Klinefelter's Syndrome

What is Klinefelter's Syndrome?

           In 1942, Dr. Harry F Klinefelter, Dr. Edward Conrad Reifenstein Jr, and their mentor Fuller Albright published a report about 9 men who had enlarged breasts, sparse facial and body hair, small testes, and inability to produce sperm. This combination of features has come to be recognized as Klinefelter's syndrome.  Klinefelter's syndrome is a genetic defect when a male has an extra chromosome.  What usually happens in birth of a male is that he would get an X chromosome from the mother and a Y chromosome from the father, but in the case of a boy with Klinefelter's the boy gains an extra X chromosome.  Now the chromosome arrangement is XXY instead of the usual XY.  This is why many people refer to men with Klinefelter's syndrome as "XXY boys."

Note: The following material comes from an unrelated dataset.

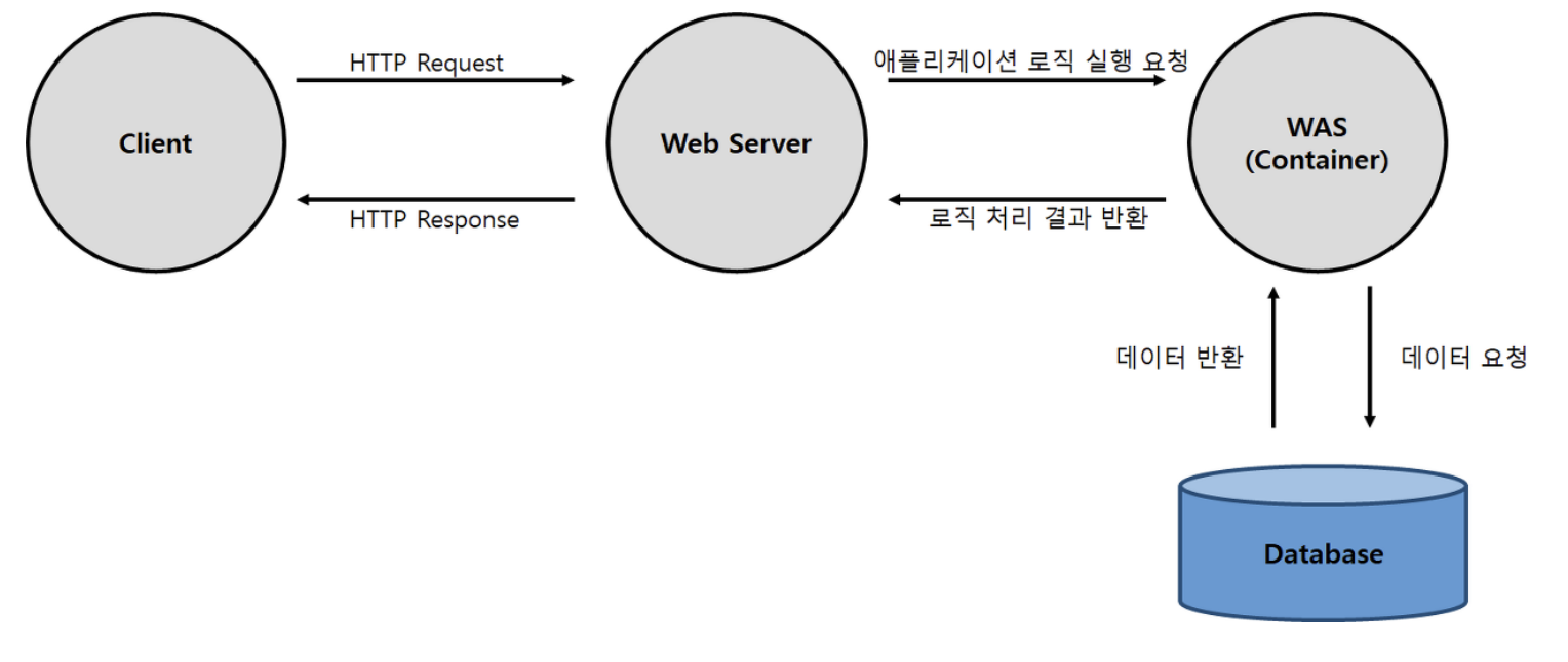 WAS는 웹 서버와 웹 컨테이너가 합쳐진 형태로, 웹 서버 단독으로는 처리할 수 없는 데이터베이스의 조회나 다양한 로직 처리가 필요한 동적 컨텐츠(JSP, ASP, PHP)를 제공한다.

          Klinefelter's syndrome is the most common genetic cause of male infertility, and it occurs in 1 in 500 boys. However, Klinefelter's syndrome often remains undiagnosed due to various reasons. The signs of the syndrome include small testes, insufficient production of testosterone, and infertility. Men with Klinefelter's syndrome are more likely to have larger breasts, lack of facial and body hair, a rounded body type, to be overweight, and they are usually taller than their fathers and brothers.